PROVIDED MATERIAL Start Marker

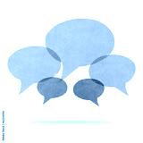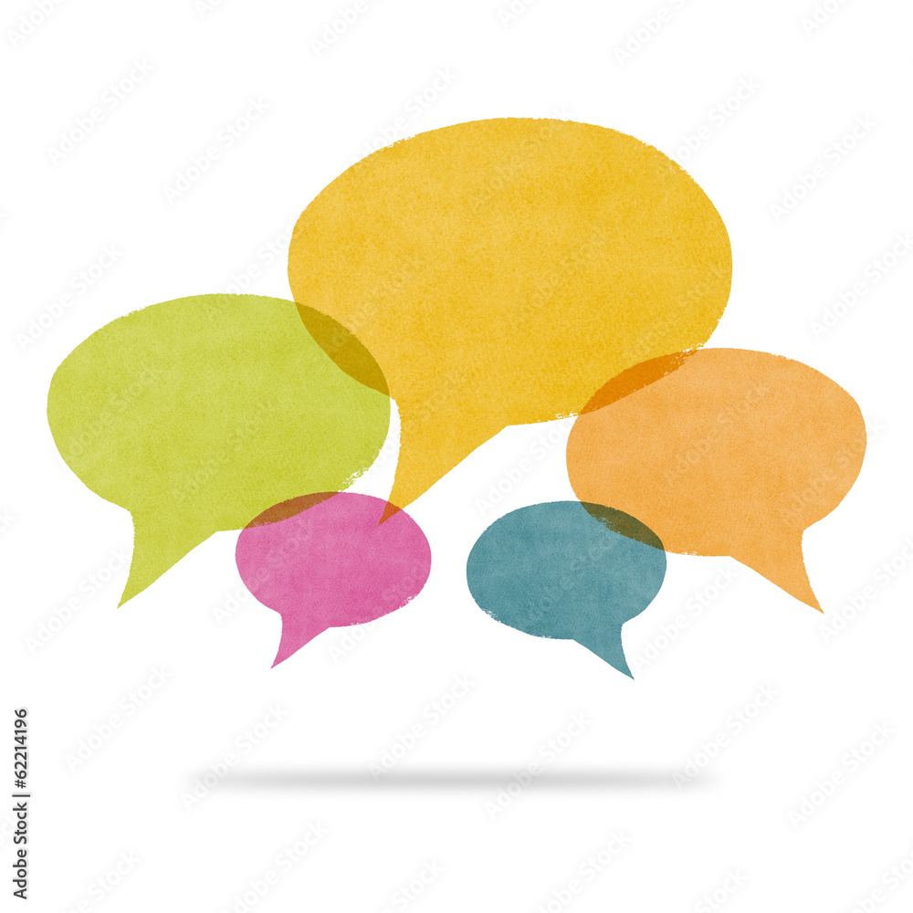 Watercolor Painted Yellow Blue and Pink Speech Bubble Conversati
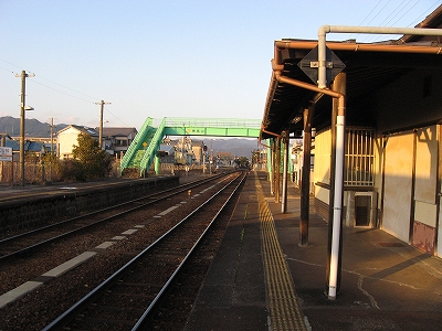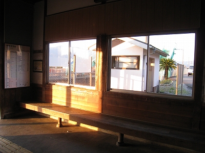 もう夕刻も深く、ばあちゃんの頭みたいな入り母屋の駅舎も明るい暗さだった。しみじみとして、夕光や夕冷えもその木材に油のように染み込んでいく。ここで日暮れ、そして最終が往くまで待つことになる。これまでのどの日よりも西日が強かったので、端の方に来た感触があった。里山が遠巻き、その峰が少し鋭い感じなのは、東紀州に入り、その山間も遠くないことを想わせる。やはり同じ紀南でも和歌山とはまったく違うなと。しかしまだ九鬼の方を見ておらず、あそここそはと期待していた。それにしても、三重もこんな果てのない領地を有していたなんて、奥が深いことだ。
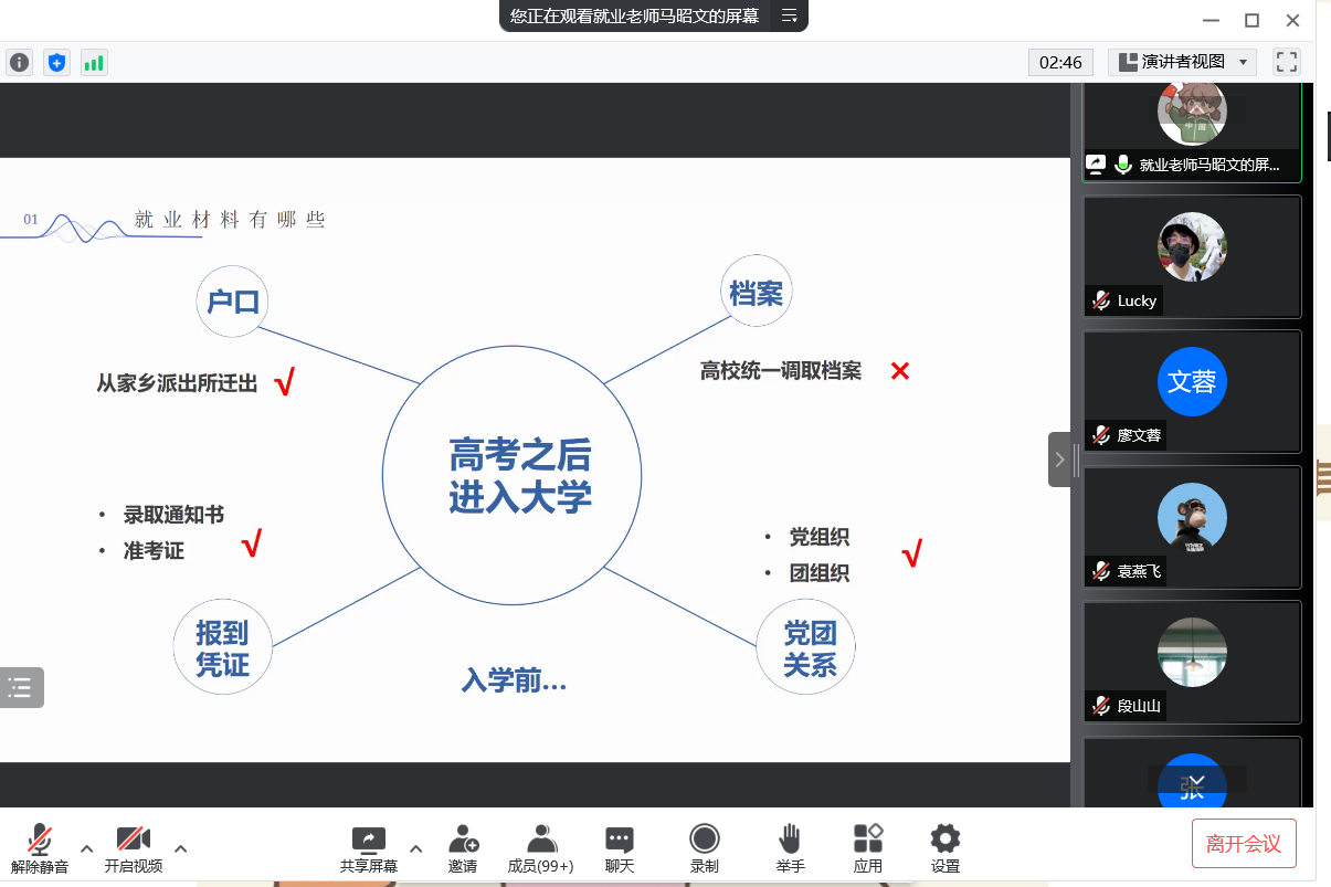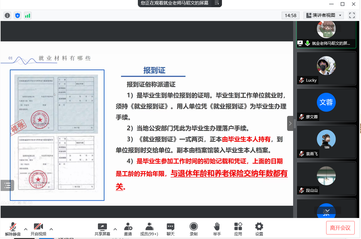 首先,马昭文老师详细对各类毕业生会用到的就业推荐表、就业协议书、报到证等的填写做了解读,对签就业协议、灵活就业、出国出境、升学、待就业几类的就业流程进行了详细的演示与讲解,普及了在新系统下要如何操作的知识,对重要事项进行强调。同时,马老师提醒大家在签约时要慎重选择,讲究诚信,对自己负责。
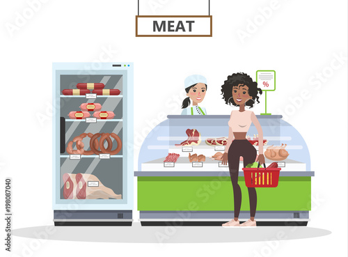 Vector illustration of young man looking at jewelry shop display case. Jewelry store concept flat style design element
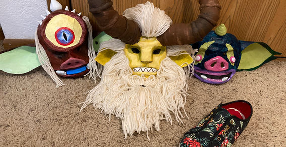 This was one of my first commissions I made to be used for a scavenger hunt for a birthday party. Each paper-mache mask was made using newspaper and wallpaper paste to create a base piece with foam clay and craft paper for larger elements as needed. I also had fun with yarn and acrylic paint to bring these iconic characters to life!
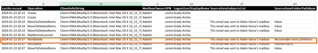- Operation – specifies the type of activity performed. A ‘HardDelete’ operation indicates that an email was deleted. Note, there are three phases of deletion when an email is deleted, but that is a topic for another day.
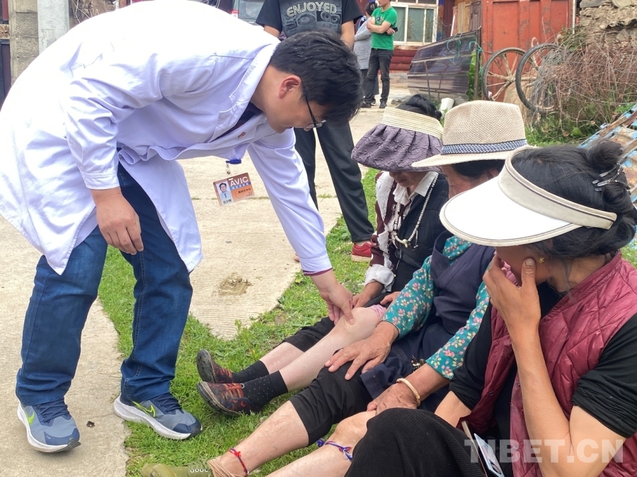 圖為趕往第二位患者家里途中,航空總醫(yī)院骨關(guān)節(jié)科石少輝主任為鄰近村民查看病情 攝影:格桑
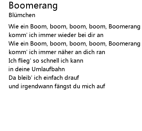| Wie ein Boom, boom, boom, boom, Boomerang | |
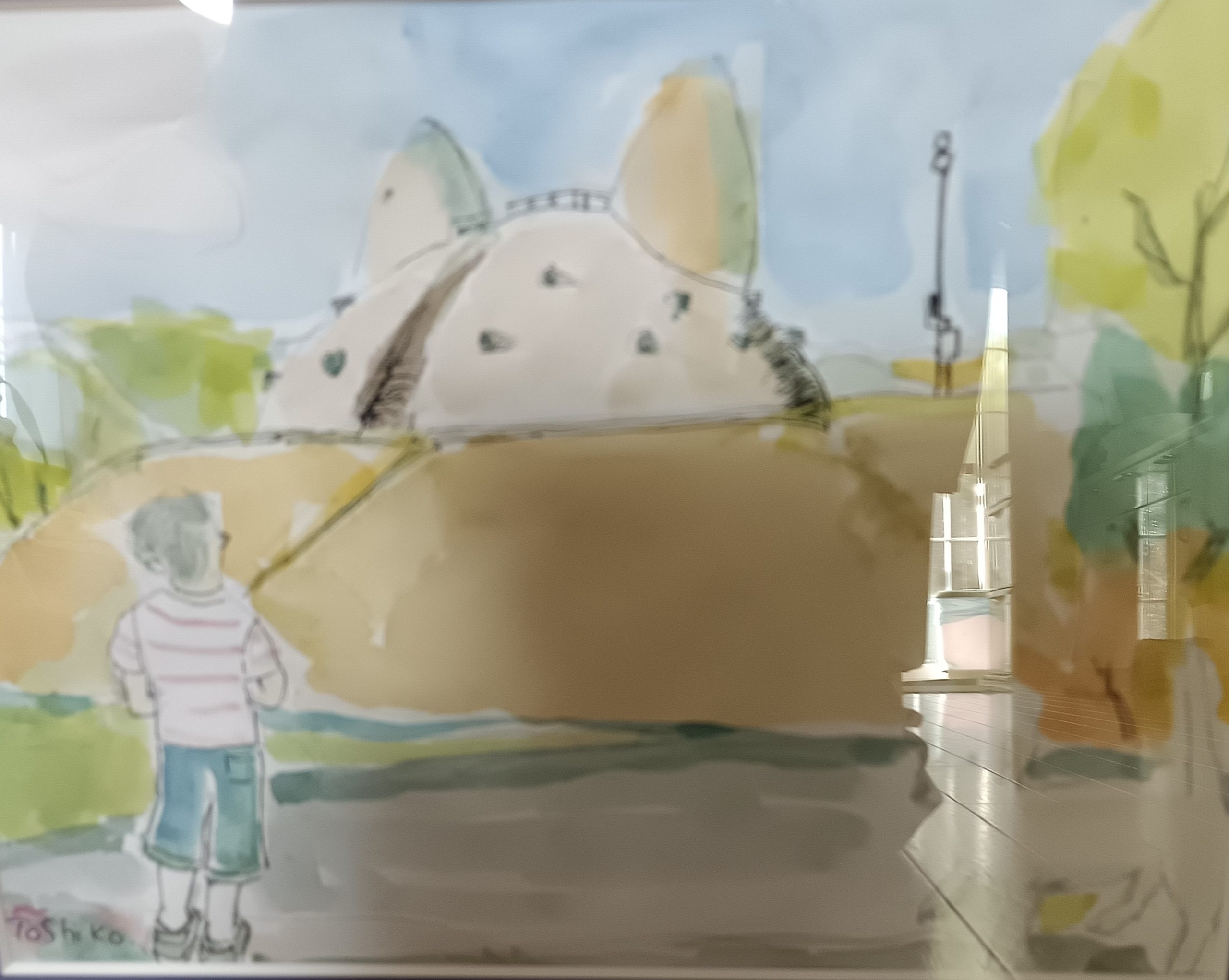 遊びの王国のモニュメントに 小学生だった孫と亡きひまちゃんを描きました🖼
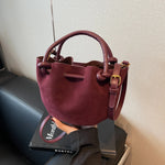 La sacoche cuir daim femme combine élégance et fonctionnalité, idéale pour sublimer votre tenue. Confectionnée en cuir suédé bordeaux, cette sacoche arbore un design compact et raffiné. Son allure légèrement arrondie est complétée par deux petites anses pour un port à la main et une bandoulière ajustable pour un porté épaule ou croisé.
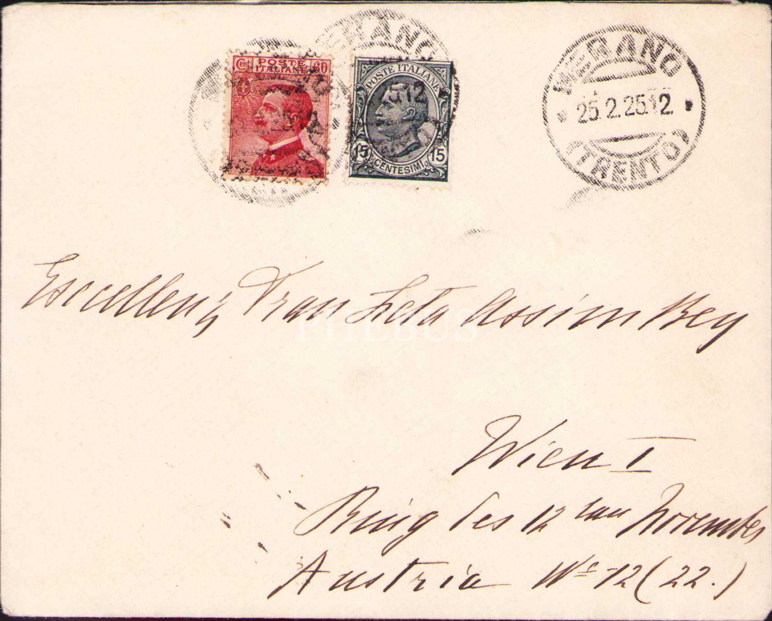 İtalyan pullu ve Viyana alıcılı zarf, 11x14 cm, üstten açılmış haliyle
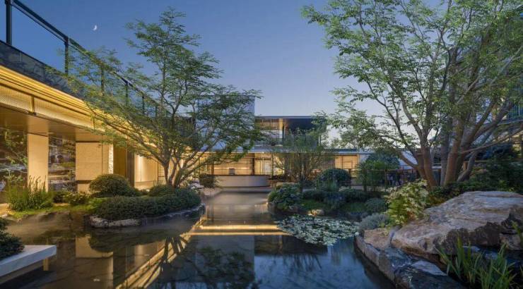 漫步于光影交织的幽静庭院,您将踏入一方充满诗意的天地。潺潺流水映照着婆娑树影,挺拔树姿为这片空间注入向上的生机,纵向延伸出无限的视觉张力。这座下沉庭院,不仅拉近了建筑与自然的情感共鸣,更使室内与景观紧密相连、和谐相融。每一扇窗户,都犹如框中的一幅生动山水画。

PROVIDED MATERIAL End Marker

#### [TASK TO CARRY OUT]
Working from the entries above, reproduce exactly and only the lines beginning with the line that has "圖為趕往第二位患者家里途中,航空總醫(y" and ending with the line that has "İtalyan pullu ve"; omit all pictures.

#### [REPLY]
 圖為趕往第二位患者家里途中,航空總醫(yī)院骨關(guān)節(jié)科石少輝主任為鄰近村民查看病情 攝影:格桑
| Wie ein Boom, boom, boom, boom, Boomerang | |
 遊びの王国のモニュメントに 小学生だった孫と亡きひまちゃんを描きました🖼
 La sacoche cuir daim femme combine élégance et fonctionnalité, idéale pour sublimer votre tenue. Confectionnée en cuir suédé bordeaux, cette sacoche arbore un design compact et raffiné. Son allure légèrement arrondie est complétée par deux petites anses pour un port à la main et une bandoulière ajustable pour un porté épaule ou croisé.
 İtalyan pullu ve Viyana alıcılı zarf, 11x14 cm, üstten açılmış haliyle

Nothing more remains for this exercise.